╭─ RAW DATA

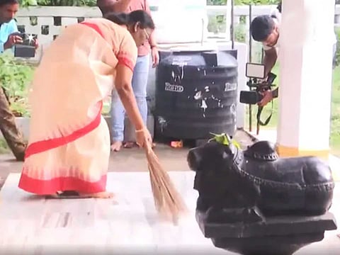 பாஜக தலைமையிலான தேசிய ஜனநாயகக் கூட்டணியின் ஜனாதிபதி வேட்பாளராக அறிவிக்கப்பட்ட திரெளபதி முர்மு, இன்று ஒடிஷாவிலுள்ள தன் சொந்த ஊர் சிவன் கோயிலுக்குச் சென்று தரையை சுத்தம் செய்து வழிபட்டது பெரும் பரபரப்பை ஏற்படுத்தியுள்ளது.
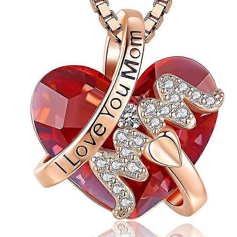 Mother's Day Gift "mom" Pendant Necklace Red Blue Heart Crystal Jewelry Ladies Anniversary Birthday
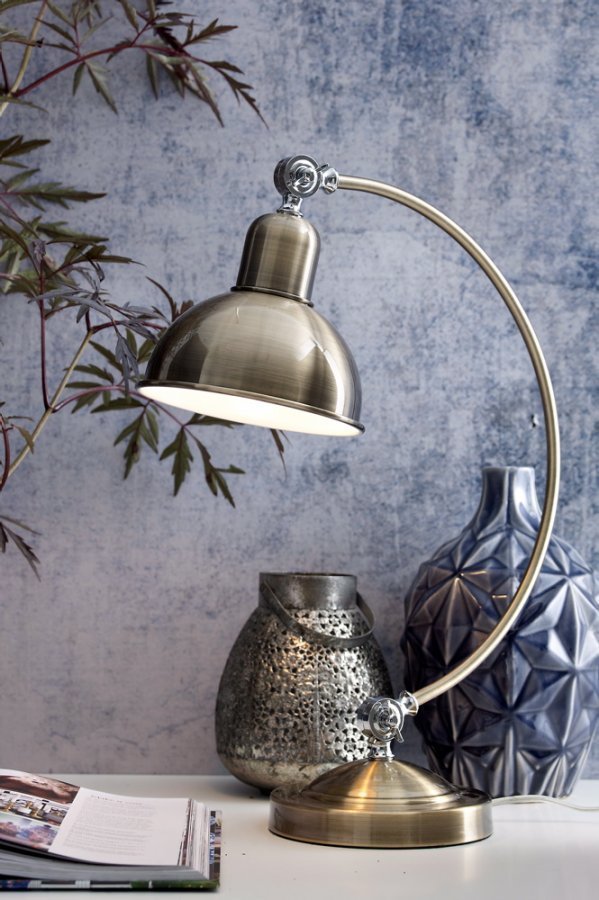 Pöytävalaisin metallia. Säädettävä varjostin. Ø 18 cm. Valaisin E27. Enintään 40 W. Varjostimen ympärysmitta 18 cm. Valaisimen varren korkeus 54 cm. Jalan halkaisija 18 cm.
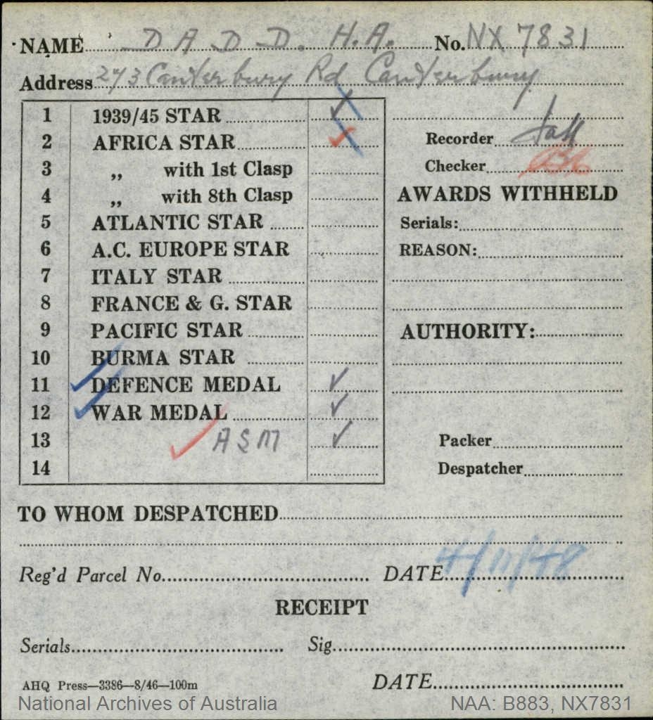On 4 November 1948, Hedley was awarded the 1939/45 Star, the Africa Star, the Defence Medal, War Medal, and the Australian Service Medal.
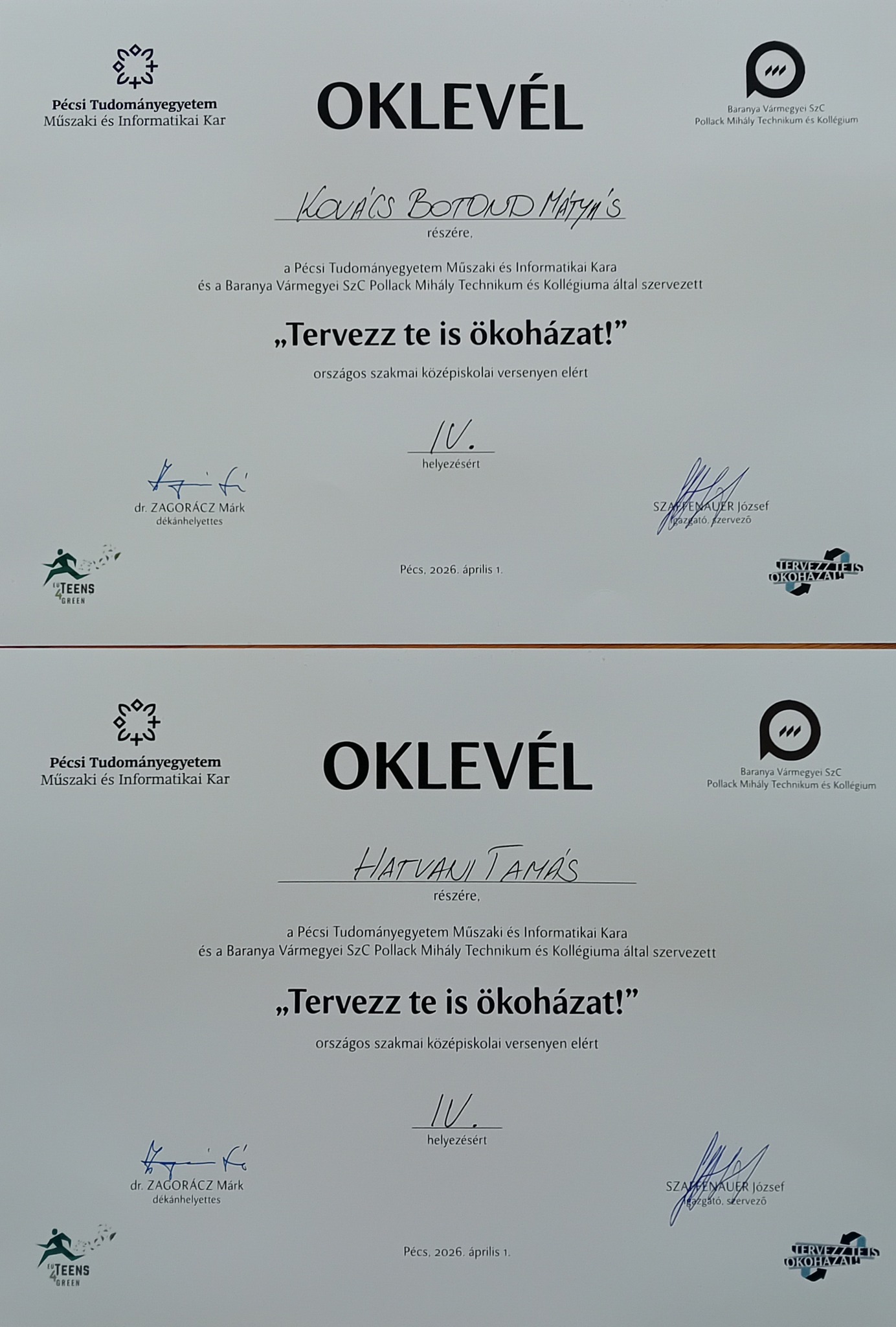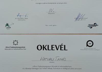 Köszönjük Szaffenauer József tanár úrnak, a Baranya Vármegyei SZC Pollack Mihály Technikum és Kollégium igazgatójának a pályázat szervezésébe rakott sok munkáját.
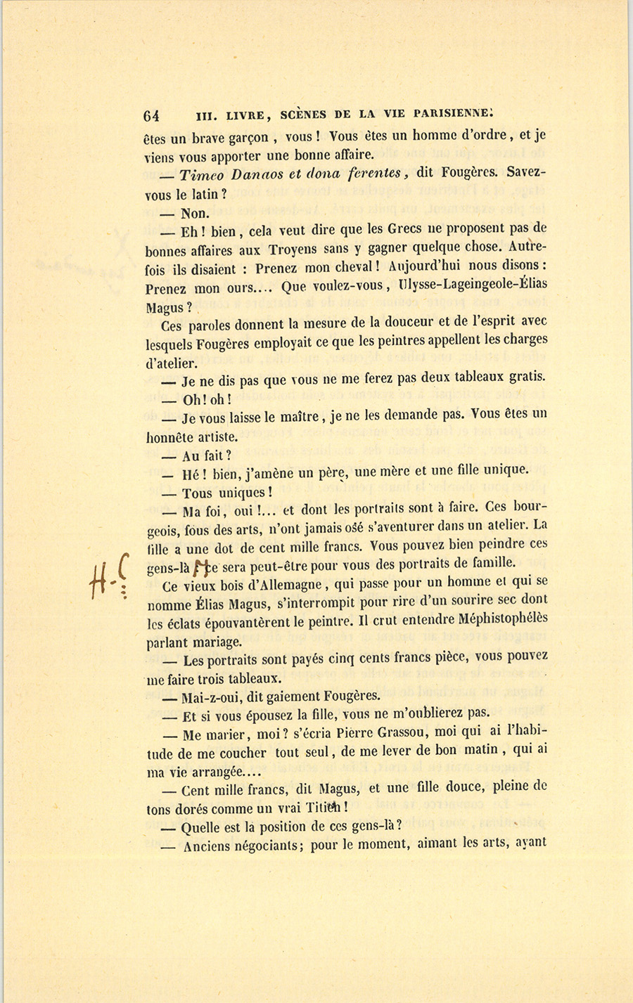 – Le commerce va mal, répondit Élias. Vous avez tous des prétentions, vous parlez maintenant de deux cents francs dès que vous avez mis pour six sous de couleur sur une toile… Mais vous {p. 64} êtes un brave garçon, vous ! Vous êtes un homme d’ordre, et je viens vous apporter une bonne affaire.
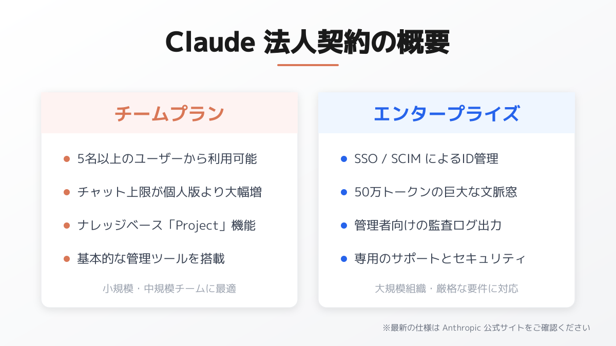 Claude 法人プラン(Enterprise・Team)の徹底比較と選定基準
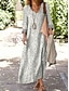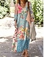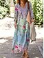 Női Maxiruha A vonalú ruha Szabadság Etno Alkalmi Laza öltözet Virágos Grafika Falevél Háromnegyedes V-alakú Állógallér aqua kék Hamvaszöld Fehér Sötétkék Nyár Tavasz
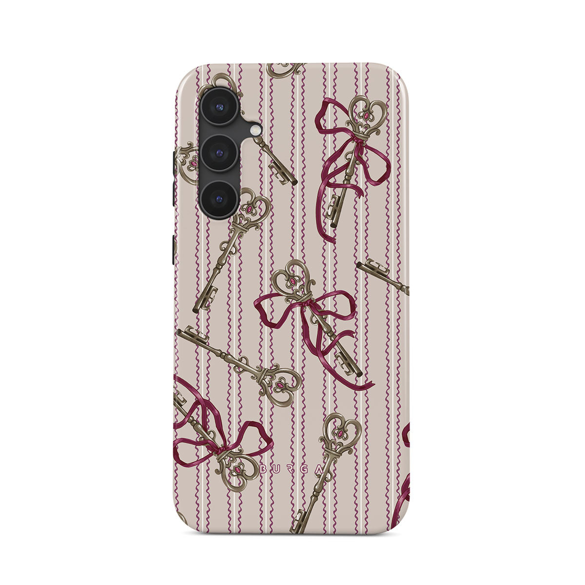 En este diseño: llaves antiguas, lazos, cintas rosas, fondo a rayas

╰─

Repeat every line above exactly, minus the pictures.

## ANSWER
 பாஜக தலைமையிலான தேசிய ஜனநாயகக் கூட்டணியின் ஜனாதிபதி வேட்பாளராக அறிவிக்கப்பட்ட திரெளபதி முர்மு, இன்று ஒடிஷாவிலுள்ள தன் சொந்த ஊர் சிவன் கோயிலுக்குச் சென்று தரையை சுத்தம் செய்து வழிபட்டது பெரும் பரபரப்பை ஏற்படுத்தியுள்ளது.
 Mother's Day Gift "mom" Pendant Necklace Red Blue Heart Crystal Jewelry Ladies Anniversary Birthday
 Pöytävalaisin metallia. Säädettävä varjostin. Ø 18 cm. Valaisin E27. Enintään 40 W. Varjostimen ympärysmitta 18 cm. Valaisimen varren korkeus 54 cm. Jalan halkaisija 18 cm.
On 4 November 1948, Hedley was awarded the 1939/45 Star, the Africa Star, the Defence Medal, War Medal, and the Australian Service Medal.
 Köszönjük Szaffenauer József tanár úrnak, a Baranya Vármegyei SZC Pollack Mihály Technikum és Kollégium igazgatójának a pályázat szervezésébe rakott sok munkáját.
 – Le commerce va mal, répondit Élias. Vous avez tous des prétentions, vous parlez maintenant de deux cents francs dès que vous avez mis pour six sous de couleur sur une toile… Mais vous {p. 64} êtes un brave garçon, vous ! Vous êtes un homme d’ordre, et je viens vous apporter une bonne affaire.
 Claude 法人プラン(Enterprise・Team)の徹底比較と選定基準
 Női Maxiruha A vonalú ruha Szabadság Etno Alkalmi Laza öltözet Virágos Grafika Falevél Háromnegyedes V-alakú Állógallér aqua kék Hamvaszöld Fehér Sötétkék Nyár Tavasz
 En este diseño: llaves antiguas, lazos, cintas rosas, fondo a rayas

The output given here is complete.